Фьють
По улице Бюсси от бульвара Сен-Жермен мелкой трусцой быстро-быстро двигалась кучка голых людей. Все разрисованы зеленой краской. Кругом орала, выла, от радости свистала: «Фьють, фьють!» — улюлюкала толпа.
Боже ты мой, где я?
Бледные, сутулые, худые, груди трясутся. И пронеслись.
Дождь пошел, слабый, — морось. Я иду медленно под дождем.
За углом пусто. Начинает, похоже, сыпать с дождем снег, тротуары и мостовая превращаются в белое поле, покрываются посверкивающим льдом.
Человек из-под стола
Время от времени ножки у стола до того расшатываются, что Вава в ярости требует, чтобы сделал сейчас же. Тогда он надевает очки, старый берет, расстилает под столом отжившую клеенку. В руках у него большие пассатижи.
Он лежит под столом на спине, как под автомобилем, и, сопя, подтягивает у четырех ножек гайки. Приподымается, напружиниваясь, согнув колени, — стол высокий, оттого не дотягиваются руки.

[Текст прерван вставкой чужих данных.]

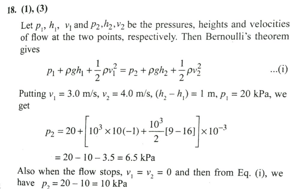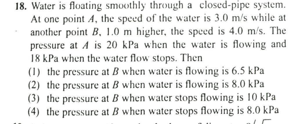 Water is flowing smoothly through a closed-pipe system. At one point the speed of the water is 3.0 m/s. While at another point 1.0 m higher the speed is 4.0 m/s. If the pressure is 20 Kpa when the water is flowing and 18 kpa when the water flows stops . Then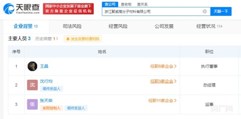 但工商资料显示,沈行均还是福建伟泰高分子新材料有限公司(简称“福建伟泰”)的经理,持股比例为30%。福建伟泰的经营范围包括:生产、销售高分子新材料等,与浙江聚威属同业公司。

Скатерть на столе старомодная, тещина, почти до пола, он весь укрыт под столом. Еще секунды он лежит на спине не двигаясь, отдыхая, приходит в голову одно и то же.
Ведь из нашей собственной жизни остается в памяти и не самое важное, но навсегда. Вот ему, наверное, было четыре года. Он под родительской кроватью с пикейным, почти до пола покрывалом и вспарывает штопором резиновую кошку. А она все пищит… Она рвется, вырывается из рук и пищит! Но его никто не видит, кровать высокая, это его дом.
Однако Вава дергает, тащит за ногу: снова приехал ее двоюродный брат из Курска (ну каждый год приезжает), надо кормить, она и так отпросилась на работе.